-- Dataset section follows --

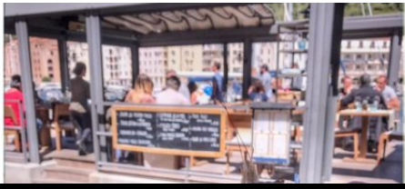
Restaurant Côté Fruits de Mer
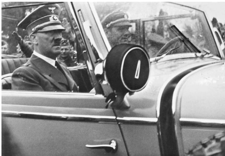
Адольф Гитлер в Польше, на оккупированной территории, 1939 г.

подпитки (начальник – подчиненный), а с возрастом от населения всей страны (массовые шествия, почитание), этому так же способствовал и культ личности. В случае с Адольфом Гитлером, частые перепады настроения и импульсивность, тоже были одним из способов регулирования энергии, пополнения и сброса лишней, ощущение огромной власти, над покоренными народами, помогало ему в этом.

-- Dataset section concluded --

__About this task__:
To complete the exercise, return the listing above exactly and omit its pictures.

__Answer section__:
Restaurant Côté Fruits de Mer
Адольф Гитлер в Польше, на оккупированной территории, 1939 г.

подпитки (начальник – подчиненный), а с возрастом от населения всей страны (массовые шествия, почитание), этому так же способствовал и культ личности. В случае с Адольфом Гитлером, частые перепады настроения и импульсивность, тоже были одним из способов регулирования энергии, пополнения и сброса лишней, ощущение огромной власти, над покоренными народами, помогало ему в этом.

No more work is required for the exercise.